A Splintered Reed of a Staff
by Ari Bussel
It seems everyone gave up on Mubarak. Rulers under duress mistakenly believe that keeping quiet and protecting their individual turfs is the necessary remedy, but it is not. While Iran talks about the shockwaves reeling through the Middle East, there is no united front of the Arab League, or for that matter, of any of the major Arab leaders.
Talk about friends in time of need. Everyone already seems to be eulogizing President Mubarak's rule. Exactly at a time that encouragement and support are needed most, everyone seems to have disappeared.
If the strongest of the Arab countries falls, the rest will undoubted follow. If Egypt tumbles, then Saudi Arabia, already in the range of missiles, will experience an exodus from the Holy Land to a less precarious life in American exile. They, the leaders of the Arab world, should have immediately come out and say, in response to the US threats against President Mubarak: "We are making $1.5b available to President Mubarak and to his people, the nation of Egypt."
There are two very active participants as the players on the global chessboard rearrange positions: Iran and the United States of America. One is left to wonder which, if not both, are instigating current events.
As individuals, we are attracted to power, or the image thereof. It can be someone with a lot of money or another working for a large institution. We often assign to their opinions and statements great value, only because of the association with wealth or institutional power. Likewise, when countries around the Middle East look around, they see Iran leading, setting the pace and visibly taking a position.
Immediately following Iran is Hamas and Hezbollah, both financed and armed by Iran.
The bully and its cronies are neither afraid nor hesitant. It is their party; it is their homerun.
Turkey tried to re-assert its position as the leader of the Islamic world, thus alienating itself from the West, particularly Europe, and thereby losing popularity in the Arab world.

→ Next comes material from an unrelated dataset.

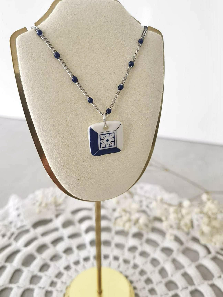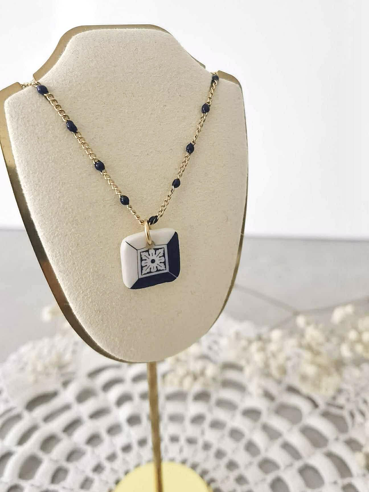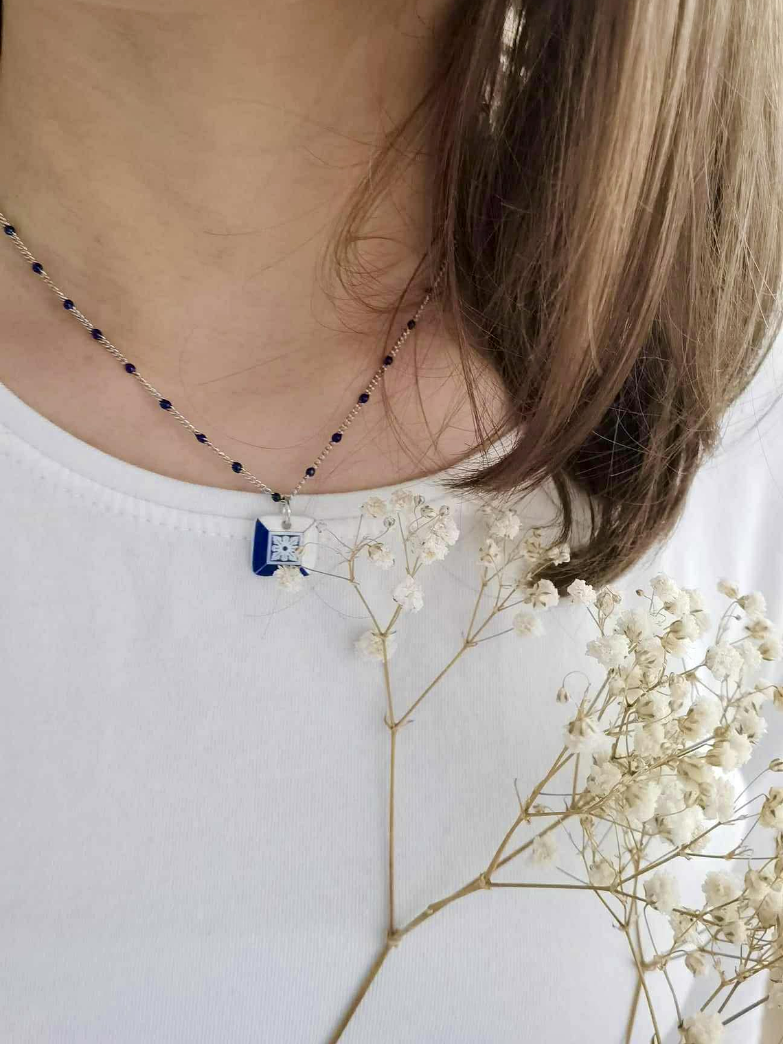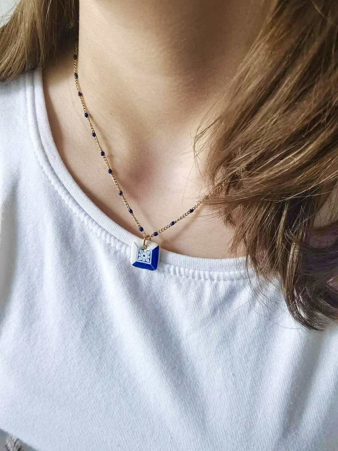 Um delicado quadrado de porcelana feita à mão, com 12mm de puro detalhe, estampado com um padrão inspirado nos azulejos das ruas de Lisboa. Cada peça é única — uma homenagem à beleza intemporal da cidade.

Thus, on the Middle East chessboard, there is just one main player at the moment: IRAN.
The other player is the hated Satan, the Devil with all its pretended might--America. While Iran seems to be commenting, the USA has taken a leading role in promoting the uprising in Egypt.
There are reports that the uprising is a direct result of American incitement of the past two and a half years, active undermining of Mubarak's rule by the USA while pretending to be a respectful friend.

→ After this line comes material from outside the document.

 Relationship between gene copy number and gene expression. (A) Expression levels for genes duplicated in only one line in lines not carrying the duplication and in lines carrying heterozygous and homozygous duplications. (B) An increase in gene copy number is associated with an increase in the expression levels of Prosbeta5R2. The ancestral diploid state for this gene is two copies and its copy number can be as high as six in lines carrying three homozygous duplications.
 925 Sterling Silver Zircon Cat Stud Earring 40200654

While these reports may be exaggerated, they are not just conspiracy theories. The US Administration has not shied away from being actively involved during the last few days. "Democracy" is heard time and again, and instead of supporting President Mubarak, the Obama-Biden-Clinton team has done everything outwardly possibly to further undermine his administration.
From where does this newly found animosity come? Nobel Laureate Obama in his Cairo Speech in 2009 dedicated a whole section to Democracy in the Middle East, yet, not one word about Egypt. Is it possible that as he stood and bowed to the Muslim World all the while he was dispatching his forces (the CIA, NGOs financed by the Federal Government and others) to work against the Mubarak regime?
If these are your friends, there is no need for enemies. America has sent a clear signal to the other Arab rulers--our word is worthless, our friendship superficial and our loyalties will change as the wind blows.